[Source records]
BEGIN

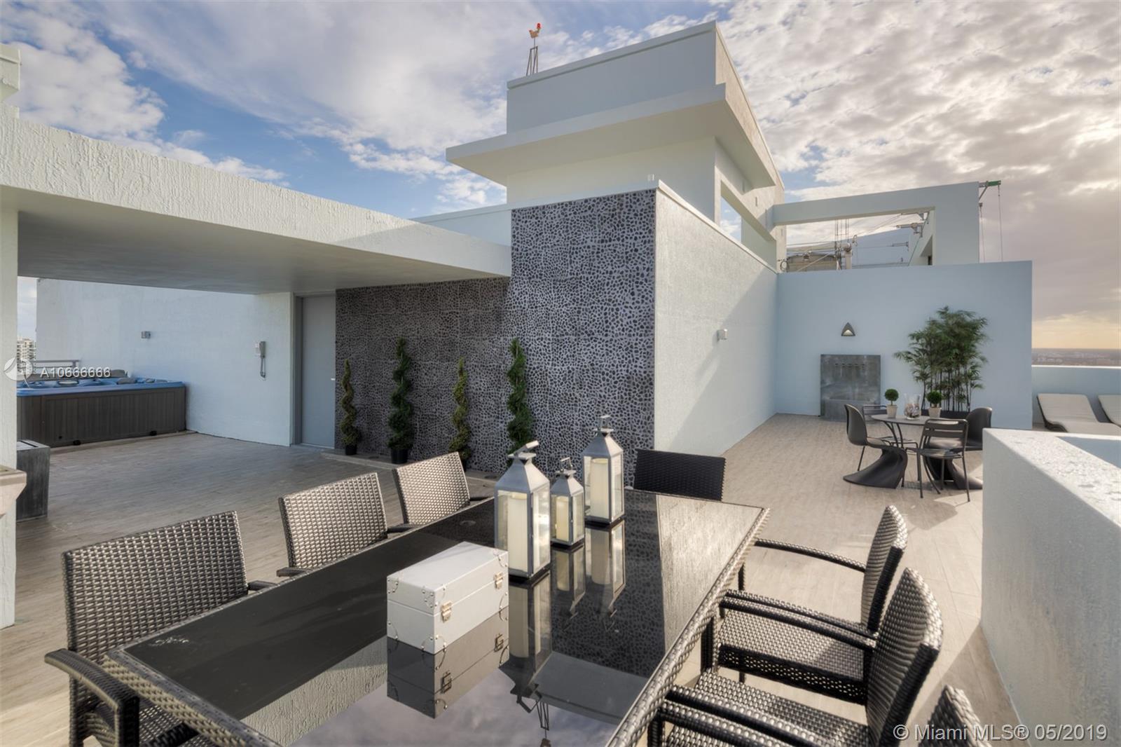 Most luxurious and spacious fully furnished 3-story Penthouse with private rooftop, 2418 interior + 2173 outdoor = 4591 total sq/ft per developer. Premium corner with breathtaking 270 degree views of South Beach, Coral Gables and Downtown Miami. This corner Penthouse was completely renovated with top of the line finishes throughout. Kitchen features Viking and Bosch appliances. Rooftop includes Sundance Spa, shower, ss barbecue, wood porcelain, pebble rock wall, custom lighting and Zinc fountains. Only 2 blocks to Brickell City Centre.
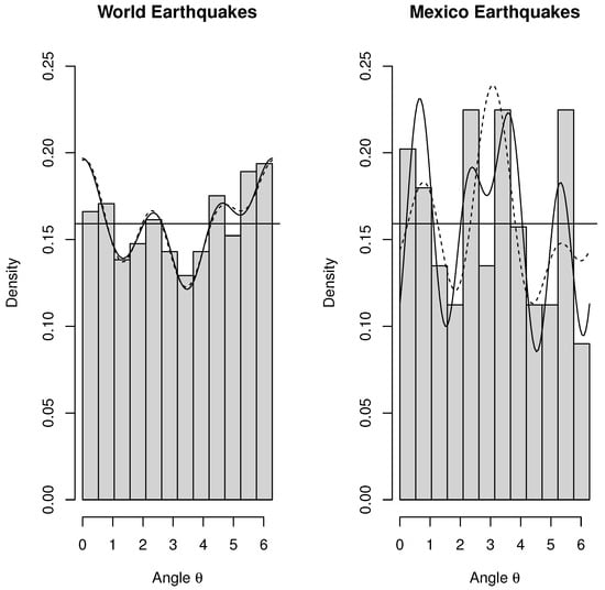 In Mexico, three large-intensity earthquakes occurred on September 19, in recent years: in 1985, 2017, and 2022. Moreover, the 2017 and 2022 earthquakes occurred a few minutes after a simulation drill, which is mandatory by law to prepare the general population for this kind of natural phenomenon. These events have raised concerns among the public about the fact that a large earthquake occurs randomly with respect to time; thus, it is not possible to predict the specific time at which an earthquake of high intensity will occur. It is possible to predict the occurrence of replicas of large earthquakes. We applied the two NNTS ( and ) and the two Hermans-Rasson and Pycke uniformity tests to test the circular uniformity of the times of occurrence of large intensity earthquakes since 1900, when more precise instruments to record the time of occurrence of earthquakes became commonly used. The occurrences of earthquakes with magnitudes greater than 7 (Richter scale) were obtained from the Global Significant Earthquake Database [26]. There were a total of 414 earthquakes in the world, and 85 occurred at latitudes from 33.7828 to 8.8243 and longitudes from −118.8281 to −95.2734, which are mainly earthquakes occurring along the Mexican coast of the Pacific Ocean or in the interior of Mexico. The times of occurrence were transformed into angles by multiplying by the fraction of the year in Julian years at which the earthquake occurred. Figure 5 presents the histograms of the angular values for large earthquakes occurring worldwide and in Mexico from 1900 onwards. By applying the test with , we found that we do not reject the null hypothesis of circular uniformity at a 5% significance level with p-values equal to 0.584 for the world earthquakes and 0.635 for the Mexico earthquakes. When using the test with , the same conclusion was reached with p-values of 0.366 for the world earthquakes and 0.780 for the Mexico earthquakes. In addition, the modified Hermans-Rasson (p-values of 0.407 and 0.728) and Pycke (p-values of 0.424 and 0.797) tests did not reject the null hypothesis of circular uniformity. In terms of the analysis in this study, detecting small deviations from uniformity requires very large sample sizes, and there is no evidence to reject the null hypothesis of circular uniformity with total sample sizes observed from 1900 onwards.
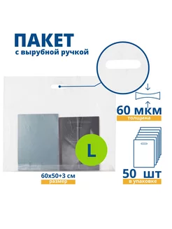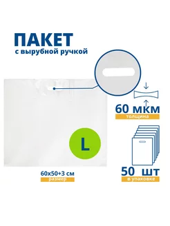 Пакет с вырубной укрепленной ручкой 60*50 см, 50 шт белый
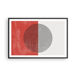 Póster en marco negro - Patrón geométrico con círculos concéntricos sobre un fondo rojo y blanco. - 100x70cm - En el corazón de la misma - Decoración de pared moderna para salón y dormitorio ARTTOR
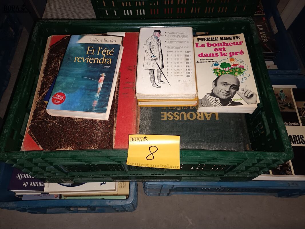 3 bakken met Franstalige boeken. Bakken niet inbegrepen.
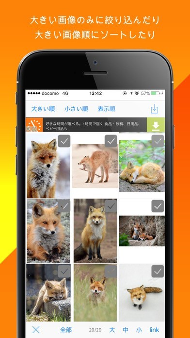 画像を大きさで並び替えることができることから、自分の都合にあったものを選択することが出来る
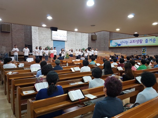 헌신예배를 위해 노력한 청년부 형제, 자매들을 하나님께서...**
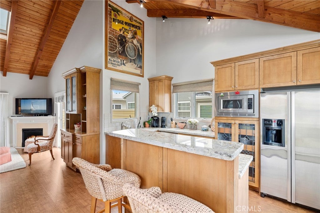 - Interior FeaturesBeamed Ceilings, Breakfast Bar, Multiple Staircases, All Bedrooms Down
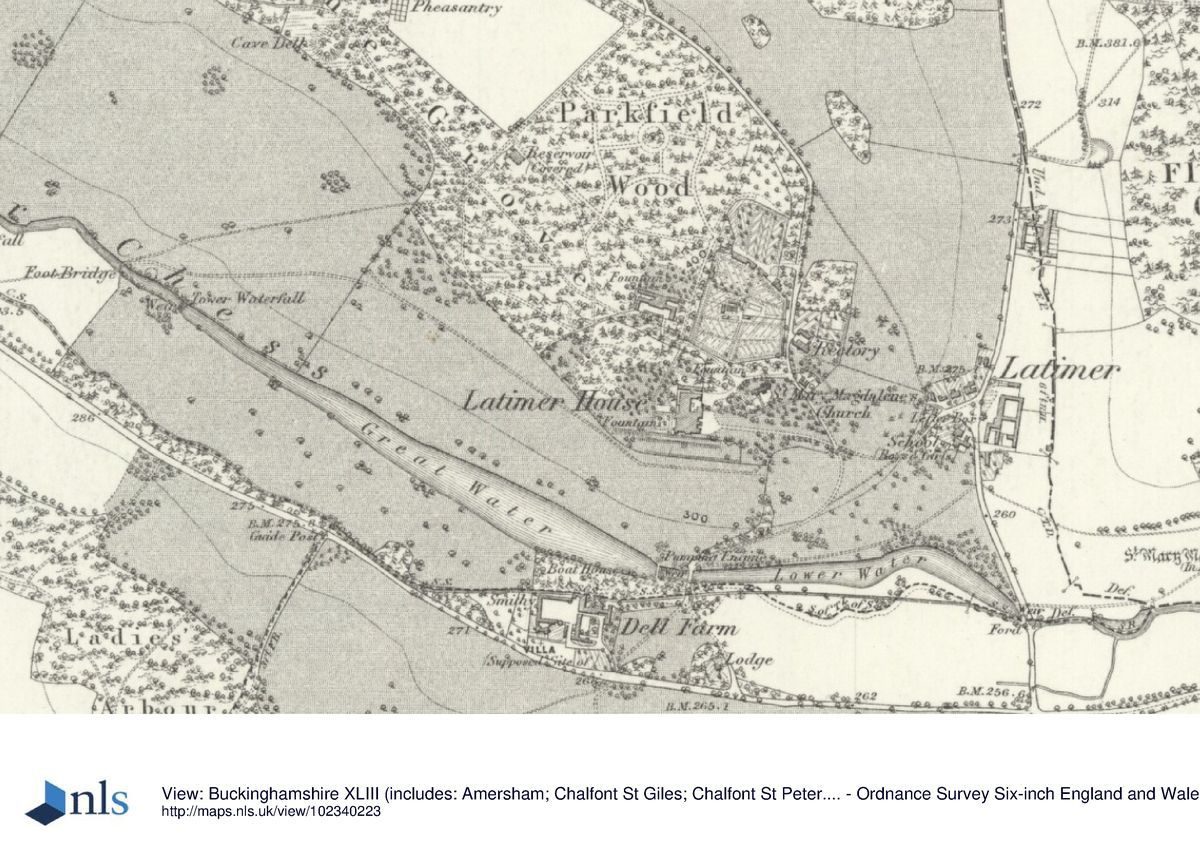 The park was enlarged when the lakes were formed, the fields and meadow land above the mill being imparked at this date. George Johnson in his History of English Gardening (1829) praised the design as the work of Lancelot Brown (1716-83) but there is no other evidence to support this. Much of the land is now arable and most of the specimen trees which stood along the banks of the lakes have gone. The park stretches along both sides of the river valley, with woodland closing the skyline on the south side. The Latimer Road runs through the park, parallel to the river. It originally ran to the north of Dell Farm but was diverted round its south side in 1834.
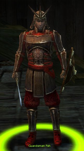Guardsman Pah is one of the dwindling number of Canthan Guards remaining to protect the city.
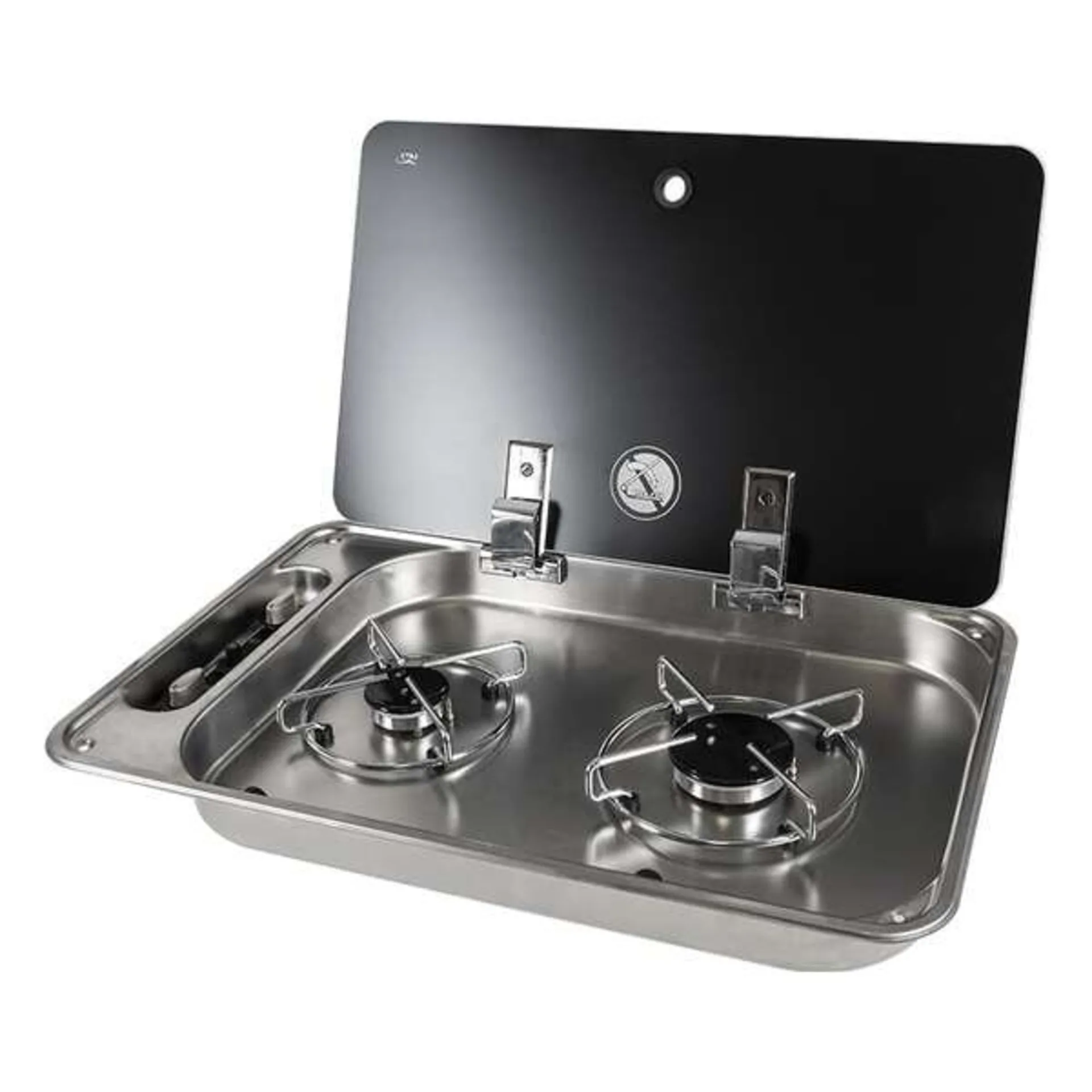 2-flammiger Kocher 30 mbar rechteckig, aus Edelstahl mit schwarzer Glasabdeckung. Schönes Design und perfekte Verarbeitung, ideal geeignet für den Einbau in kleinere Reisemobile, Caravans oder Busse.
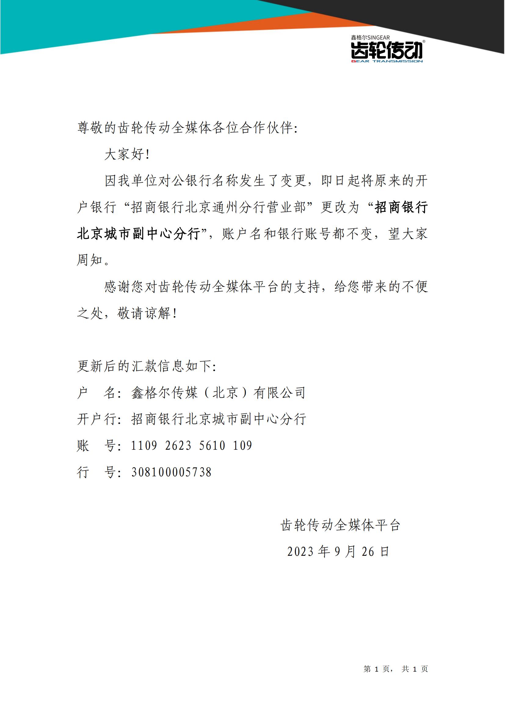 因我單位對公銀行名稱發生了變更,即日起將原來的開戶銀行“招商銀行北京通州分行營業部”更改為“招商銀行北京城市副中心分行”,賬戶名和銀行賬號都不變,望大家周知。感謝您對齒輪傳動全媒體平臺的支持,給您帶來的不便之處,敬請諒解!
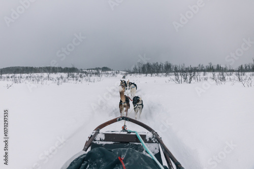 Huskies dogs towing a sled in the snow in northern Norway, winter landscape
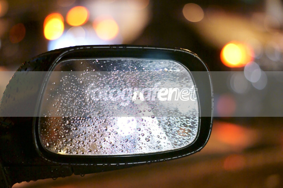 Saya ingin menggambarkan betapa jalan basah selalu membawa macet di Jakarta, yang digambarkan pada refleksi lampu di spion dan bokeh lampu belakang.
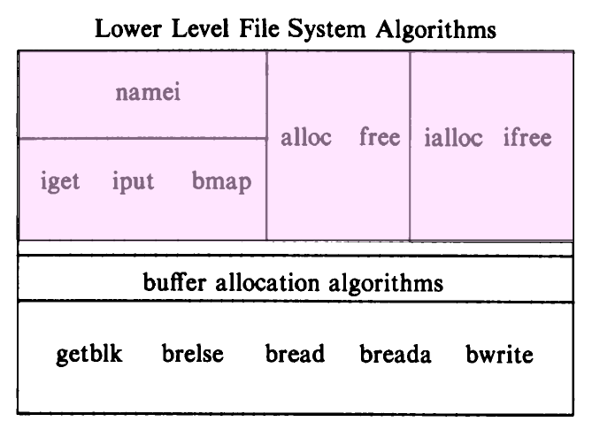 위 그림에서 계층상으로만 보면 namei()가 bmap()보다 상위에 있는 것을 볼 수 있습니다. namei()가 bmap()을 호출한다는 뜻이 됩니다. bmap()뿐 아니라 iput(), iget()도 포함됩니다.
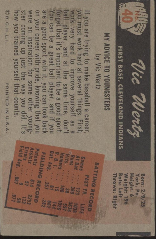 Vic Wertz 1955 Bowman #40 Cleveland Indians VG-EX

END

→ **Problem description**
Each line of the data above is to be output exactly; the pictures are not to appear.

→ **Result below**
 Most luxurious and spacious fully furnished 3-story Penthouse with private rooftop, 2418 interior + 2173 outdoor = 4591 total sq/ft per developer. Premium corner with breathtaking 270 degree views of South Beach, Coral Gables and Downtown Miami. This corner Penthouse was completely renovated with top of the line finishes throughout. Kitchen features Viking and Bosch appliances. Rooftop includes Sundance Spa, shower, ss barbecue, wood porcelain, pebble rock wall, custom lighting and Zinc fountains. Only 2 blocks to Brickell City Centre.
 In Mexico, three large-intensity earthquakes occurred on September 19, in recent years: in 1985, 2017, and 2022. Moreover, the 2017 and 2022 earthquakes occurred a few minutes after a simulation drill, which is mandatory by law to prepare the general population for this kind of natural phenomenon. These events have raised concerns among the public about the fact that a large earthquake occurs randomly with respect to time; thus, it is not possible to predict the specific time at which an earthquake of high intensity will occur. It is possible to predict the occurrence of replicas of large earthquakes. We applied the two NNTS ( and ) and the two Hermans-Rasson and Pycke uniformity tests to test the circular uniformity of the times of occurrence of large intensity earthquakes since 1900, when more precise instruments to record the time of occurrence of earthquakes became commonly used. The occurrences of earthquakes with magnitudes greater than 7 (Richter scale) were obtained from the Global Significant Earthquake Database [26]. There were a total of 414 earthquakes in the world, and 85 occurred at latitudes from 33.7828 to 8.8243 and longitudes from −118.8281 to −95.2734, which are mainly earthquakes occurring along the Mexican coast of the Pacific Ocean or in the interior of Mexico. The times of occurrence were transformed into angles by multiplying by the fraction of the year in Julian years at which the earthquake occurred. Figure 5 presents the histograms of the angular values for large earthquakes occurring worldwide and in Mexico from 1900 onwards. By applying the test with , we found that we do not reject the null hypothesis of circular uniformity at a 5% significance level with p-values equal to 0.584 for the world earthquakes and 0.635 for the Mexico earthquakes. When using the test with , the same conclusion was reached with p-values of 0.366 for the world earthquakes and 0.780 for the Mexico earthquakes. In addition, the modified Hermans-Rasson (p-values of 0.407 and 0.728) and Pycke (p-values of 0.424 and 0.797) tests did not reject the null hypothesis of circular uniformity. In terms of the analysis in this study, detecting small deviations from uniformity requires very large sample sizes, and there is no evidence to reject the null hypothesis of circular uniformity with total sample sizes observed from 1900 onwards.
 Пакет с вырубной укрепленной ручкой 60*50 см, 50 шт белый
 Póster en marco negro - Patrón geométrico con círculos concéntricos sobre un fondo rojo y blanco. - 100x70cm - En el corazón de la misma - Decoración de pared moderna para salón y dormitorio ARTTOR
 3 bakken met Franstalige boeken. Bakken niet inbegrepen.
 画像を大きさで並び替えることができることから、自分の都合にあったものを選択することが出来る
 헌신예배를 위해 노력한 청년부 형제, 자매들을 하나님께서...**
 - Interior FeaturesBeamed Ceilings, Breakfast Bar, Multiple Staircases, All Bedrooms Down
 The park was enlarged when the lakes were formed, the fields and meadow land above the mill being imparked at this date. George Johnson in his History of English Gardening (1829) praised the design as the work of Lancelot Brown (1716-83) but there is no other evidence to support this. Much of the land is now arable and most of the specimen trees which stood along the banks of the lakes have gone. The park stretches along both sides of the river valley, with woodland closing the skyline on the south side. The Latimer Road runs through the park, parallel to the river. It originally ran to the north of Dell Farm but was diverted round its south side in 1834.
Guardsman Pah is one of the dwindling number of Canthan Guards remaining to protect the city.
 2-flammiger Kocher 30 mbar rechteckig, aus Edelstahl mit schwarzer Glasabdeckung. Schönes Design und perfekte Verarbeitung, ideal geeignet für den Einbau in kleinere Reisemobile, Caravans oder Busse.
 因我單位對公銀行名稱發生了變更,即日起將原來的開戶銀行“招商銀行北京通州分行營業部”更改為“招商銀行北京城市副中心分行”,賬戶名和銀行賬號都不變,望大家周知。感謝您對齒輪傳動全媒體平臺的支持,給您帶來的不便之處,敬請諒解!
 Huskies dogs towing a sled in the snow in northern Norway, winter landscape
 Saya ingin menggambarkan betapa jalan basah selalu membawa macet di Jakarta, yang digambarkan pada refleksi lampu di spion dan bokeh lampu belakang.
 위 그림에서 계층상으로만 보면 namei()가 bmap()보다 상위에 있는 것을 볼 수 있습니다. namei()가 bmap()을 호출한다는 뜻이 됩니다. bmap()뿐 아니라 iput(), iget()도 포함됩니다.
 Vic Wertz 1955 Bowman #40 Cleveland Indians VG-EX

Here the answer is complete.